# ACTIVITY:
If pictures are present, leave them out, and copy the data word for word.

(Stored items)

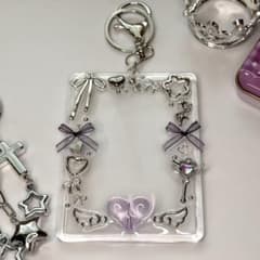 トレカキーホルダーデコ トレカケース レジン (紫 リボン)
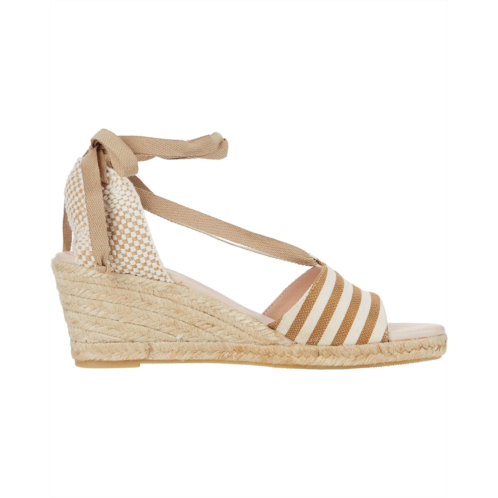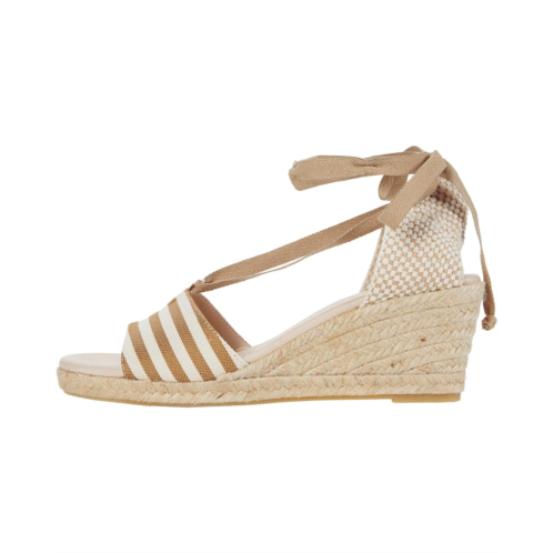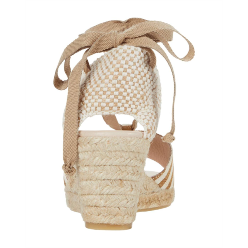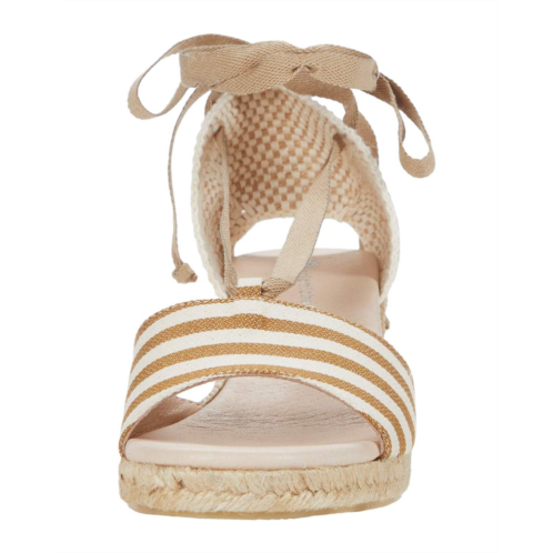 Make sure you're vacation-ready with the Eric Michael Sara espadrille sandal. The wedge boasts a striped canvas upper fixed with a lace accent that goes over the instep and ties at the back heel.
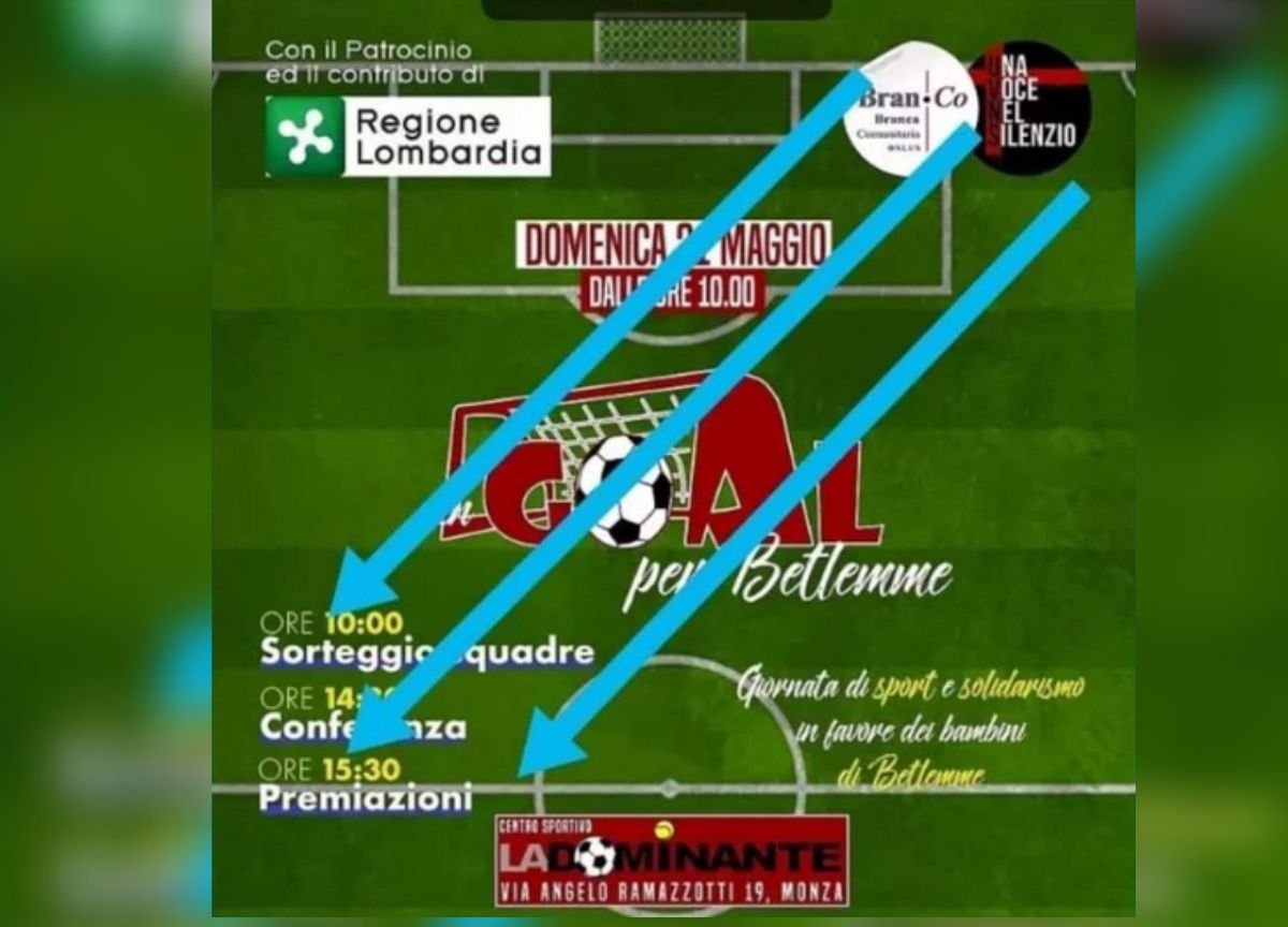 Il 21 maggio a Monza Bran.co organizza #amAbilmente – un goal per #Betlemme torneo di calcio definito “solidarista”, che si terrà nel centro sportivo “La Dominante” Su Facebook la onlus di estrema destra scrive: “Grazie ancora a Regione Lombardia per aver voluto patrocinare questa iniziativa a favore di un’infanzia la cui terra è martoriata. Domenica 21 vedremo dei ragazzi fieri e instancabili che si sfidano sui campi di gioco, tenaci nel rincorrere il pallone e soprattutto entusiasti di tirare in porta, abbattendo le barriere a suon di goal. Sarà una giornata memorabile!”
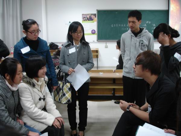 过程中,志愿者走进学生当中,一起完成小组讨论,接受大家咨询,在互动交流中,展示了他们独特的个人魅力。
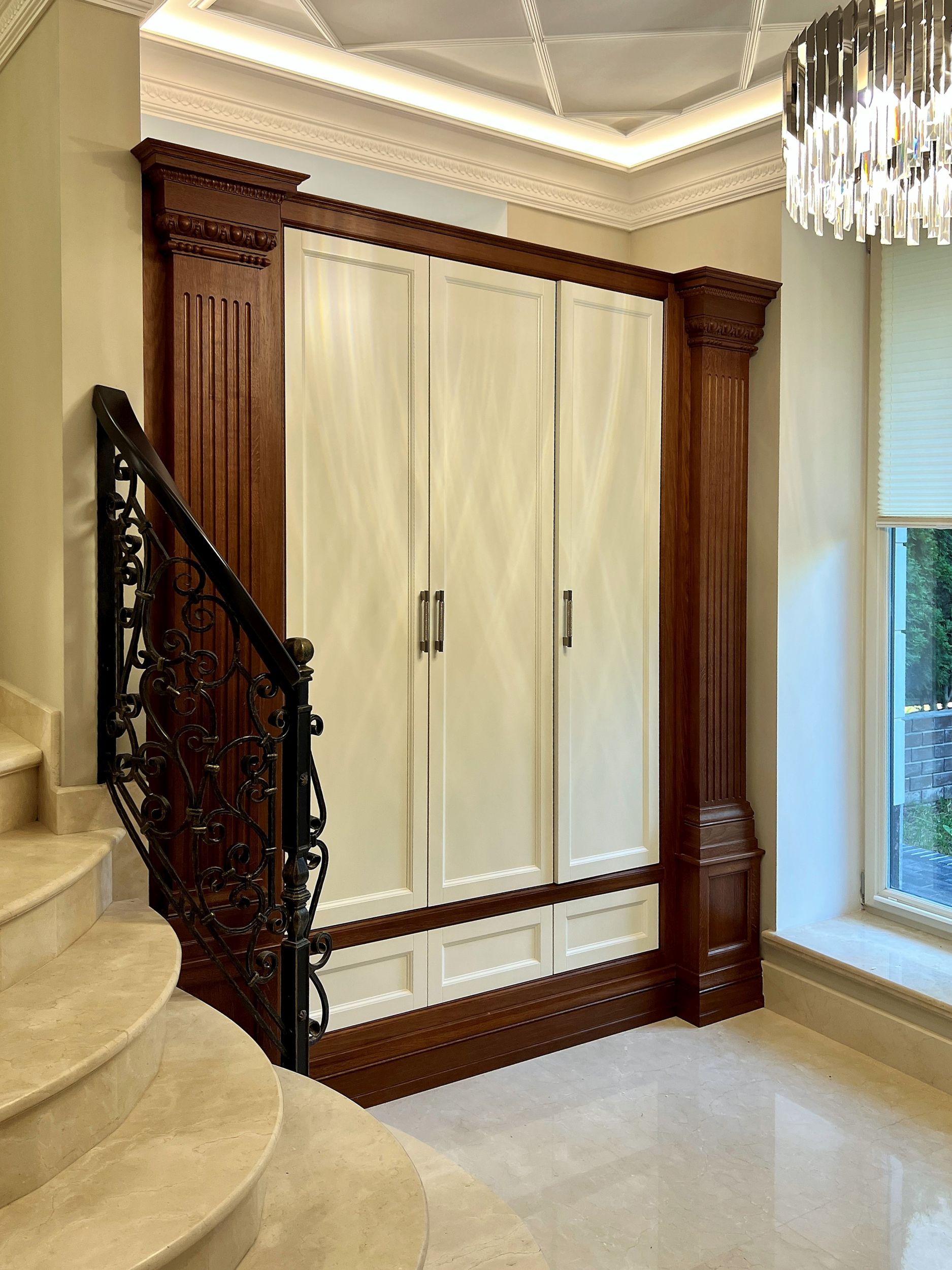 Бело-коричневый шкаф в прихожей

# EXERCISE ANSWER:
 トレカキーホルダーデコ トレカケース レジン (紫 リボン)
 Make sure you're vacation-ready with the Eric Michael Sara espadrille sandal. The wedge boasts a striped canvas upper fixed with a lace accent that goes over the instep and ties at the back heel.
 Il 21 maggio a Monza Bran.co organizza #amAbilmente – un goal per #Betlemme torneo di calcio definito “solidarista”, che si terrà nel centro sportivo “La Dominante” Su Facebook la onlus di estrema destra scrive: “Grazie ancora a Regione Lombardia per aver voluto patrocinare questa iniziativa a favore di un’infanzia la cui terra è martoriata. Domenica 21 vedremo dei ragazzi fieri e instancabili che si sfidano sui campi di gioco, tenaci nel rincorrere il pallone e soprattutto entusiasti di tirare in porta, abbattendo le barriere a suon di goal. Sarà una giornata memorabile!”
 过程中,志愿者走进学生当中,一起完成小组讨论,接受大家咨询,在互动交流中,展示了他们独特的个人魅力。
 Бело-коричневый шкаф в прихожей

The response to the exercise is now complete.